Tuple of strings to use for the at least condition and the at most condition.

great_expectations.render.util.num_to_str(f: float, precision: int = 15, use_locale: bool = False, no_scientific: bool = False) str

Convert the given float to a string, centralizing standards for precision and decisions about scientific notation. Adds an approximately equal sign in the event precision loss (e.g. rounding) has occurred.

For more context, please review the following:

Convert-Float-To-String-In-Positional-Format-Without-Scientific-Notation-And-Fa

Parameters:
  • f – The number to format.

  • precision – The number of digits of precision to display (defaults to 4).

  • use_locale – If True, use locale-specific formatting (e.g. adding thousands separators).

  • no_scientific – If True, print all available digits of precision without scientific notation. This may insert leading zeros before very small numbers, causing the resulting string to be longer than precisioncharacters.

Returns:

A string representation of the input float f, according to the desired parameters.

great_expectations.render.util.parse_row_condition_string_pandas_engine(condition_string: str, with_schema: bool = False) tuple[str, dict]

Parses the row condition string into a pandas engine compatible format.

Parameters:
  • condition_string – A pandas row condition string.

  • with_schema – Return results in json schema format. Defaults to False.

Returns:

A tuple containing the template string and a dict of parameters.

>>> template_str, params = parse_row_condition_string_pandas_engine("Age in [0, 42]")
>>> print(template_str)
"if $row_condition__0"
>>> params
{"row_condition__0": "Age in [0, 42]"}

great_expectations.render.util.substitute_none_for_missing(kwargs: dict[str, Any], kwarg_list: Sequence[str]) dict[str, Any]

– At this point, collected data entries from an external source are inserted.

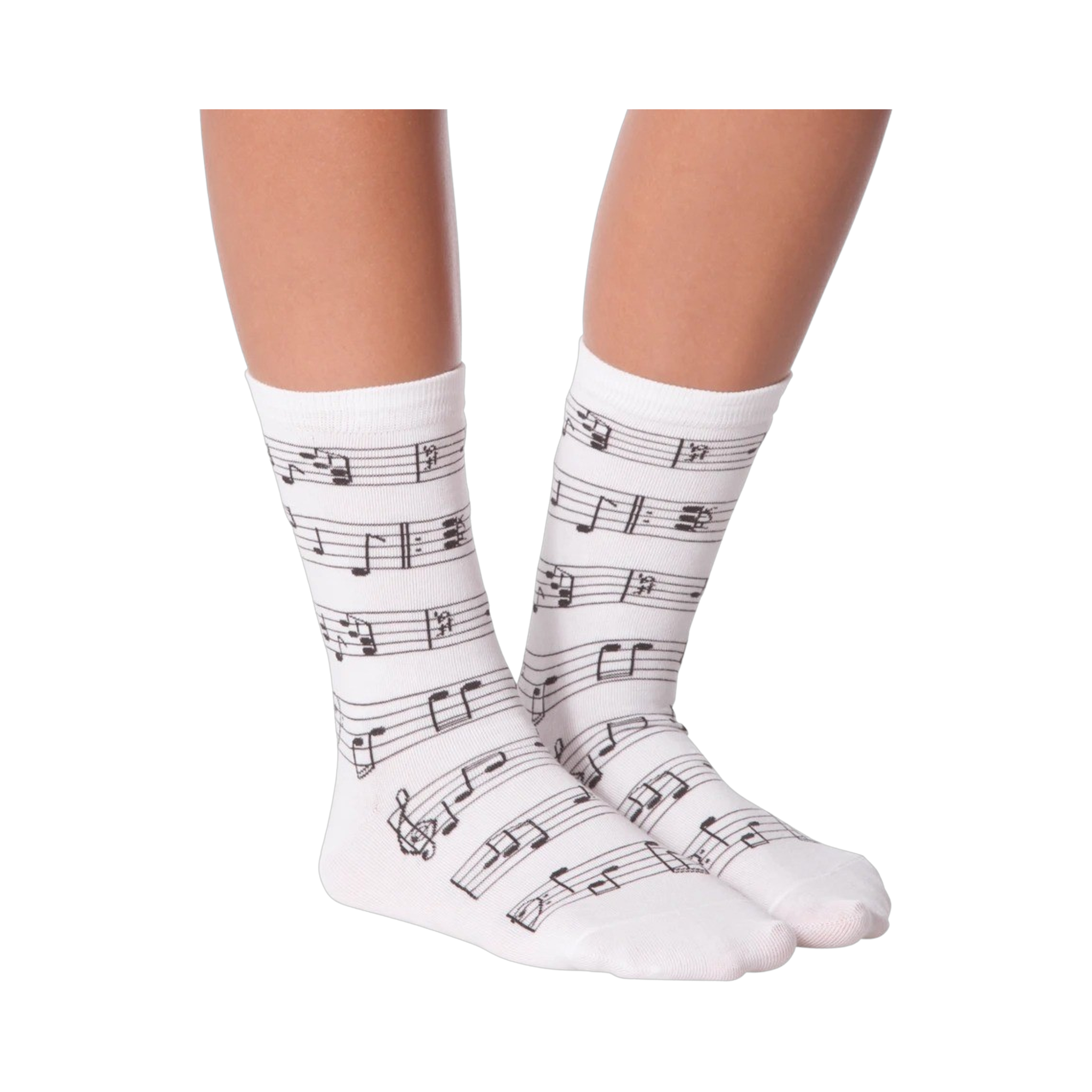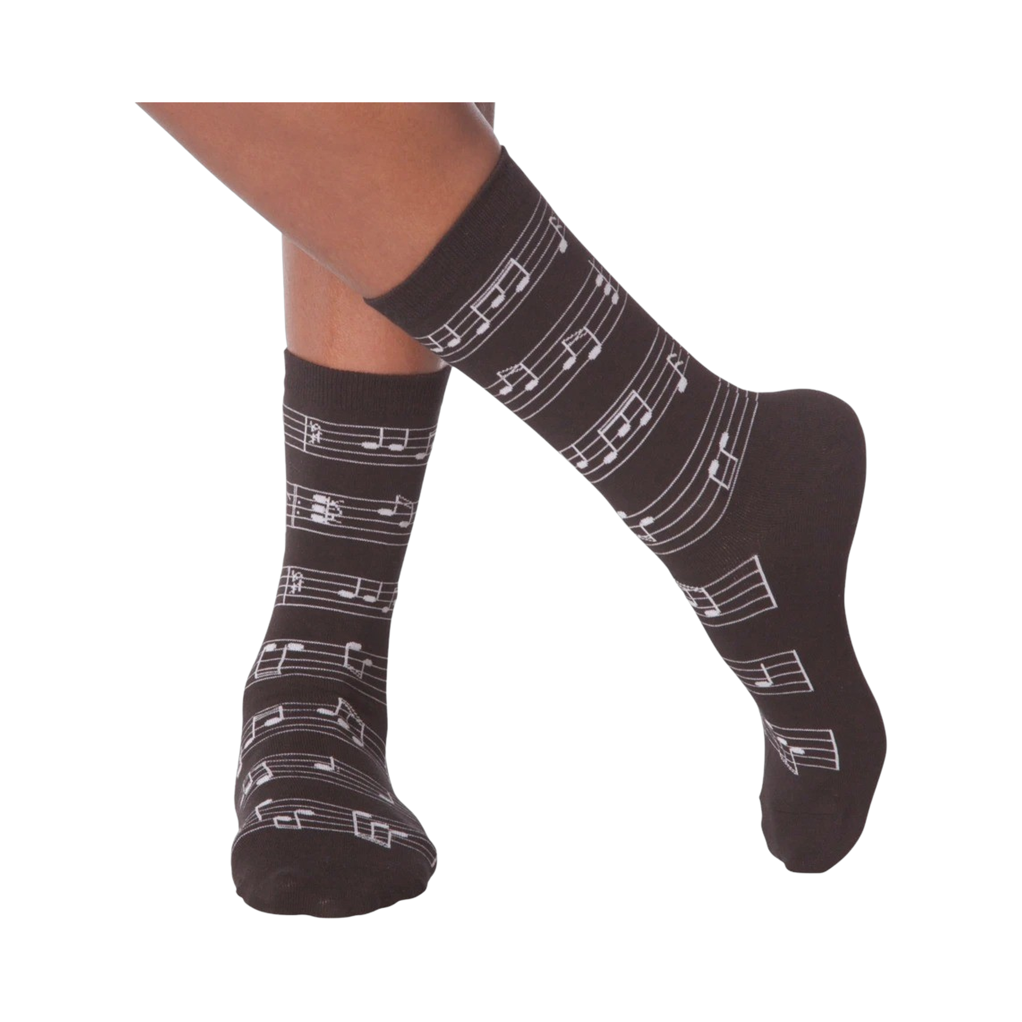 Make sweet music with every step you take throughout your day! This fun pair of all black crew socks will have you finding the perfect harmony. Each sock features an all over music sheet print in white. If you are a lover of making music or just a fan of listening to it, these awesome socks will have you majoring in every letter.
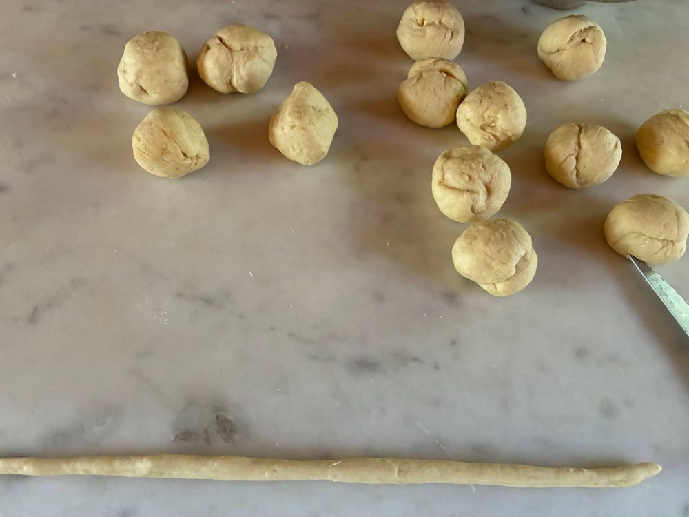 Lorsque la pâte a doublé de volume, formez des petites boules puis façonnez les en fines baguettes .
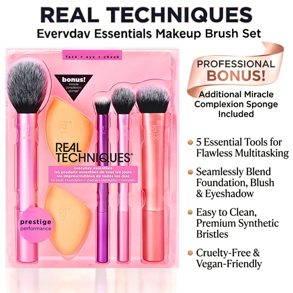 Real Techniques 5pcs Everyday Essentials Makeup Brush Set BLUSH FOUNDATION RT Set Berus Solek
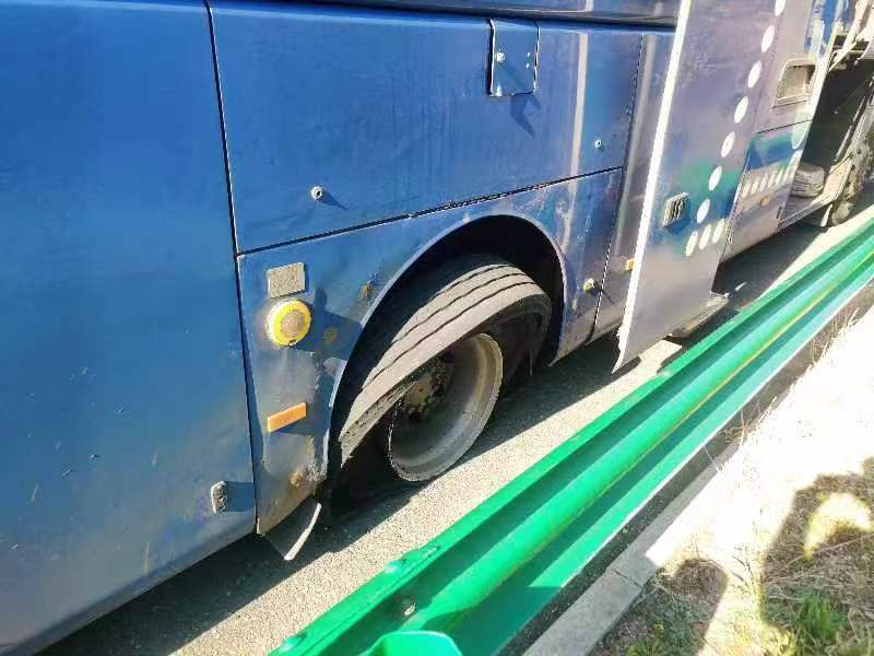 현장에 도착하니 차는 응급차도에 세워져 있고 뻐스의 오른쪽 뒤바퀴에는 폭발하고난 타이어 껍질만 붙어있었으며 승객들은 길가에 서있었다. 때는 마침 5.1절 련휴 첫날이라 도로의 차량흐름량은 비교적 많았고 지나가는 차량들은 속도를 줄이며 길을 피하고 있었는데 도로상황이 아주 위험했다.
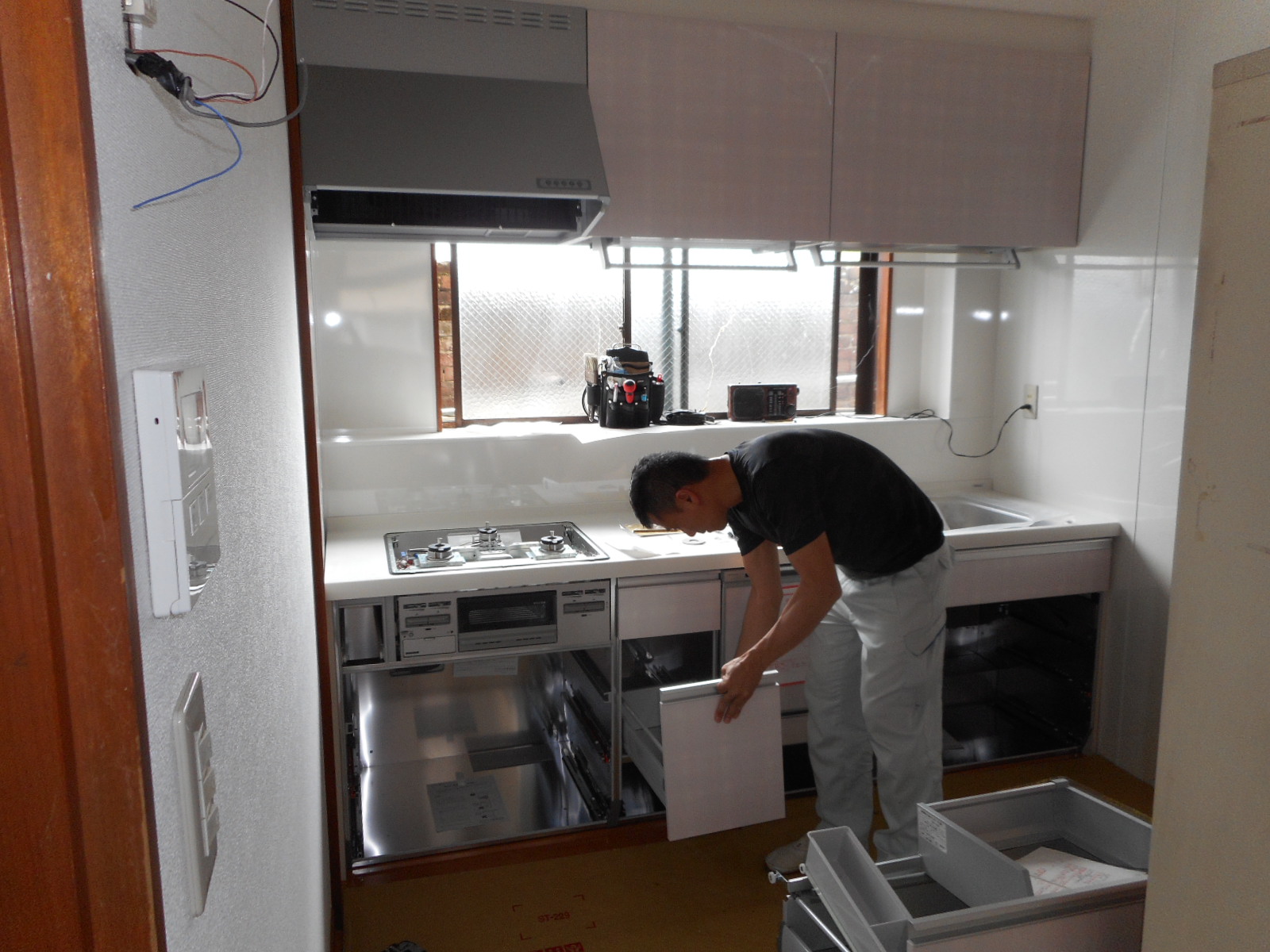 | 新規のシステムキッチンを組む準備をします!! | システムキッチンを順次組立てて行きます!! |

Utility function to plug Nones in when optional parameters are not specified in expectation kwargs.

Parameters:
  • kwargs – A dictionary of keyword arguments.

  • kwargs_list – A list or sequence of strings representing all possible keyword parameters to a function.

Returns:

A copy of the original kwargs with missing keys from kwarg_list defaulted to None.

>>> result = substitute_none_for_missing(
… kwargs={"a":1, "b":2},
… kwarg_list=["c", "d"]
)
print(result)
{"a":1, "b":2, "c": None, "d": None}

This is helpful for standardizing the input objects for rendering functions. The alternative is lots of awkward if "some_param" not in kwargs or kwargs["some_param"] == None: clauses in renderers.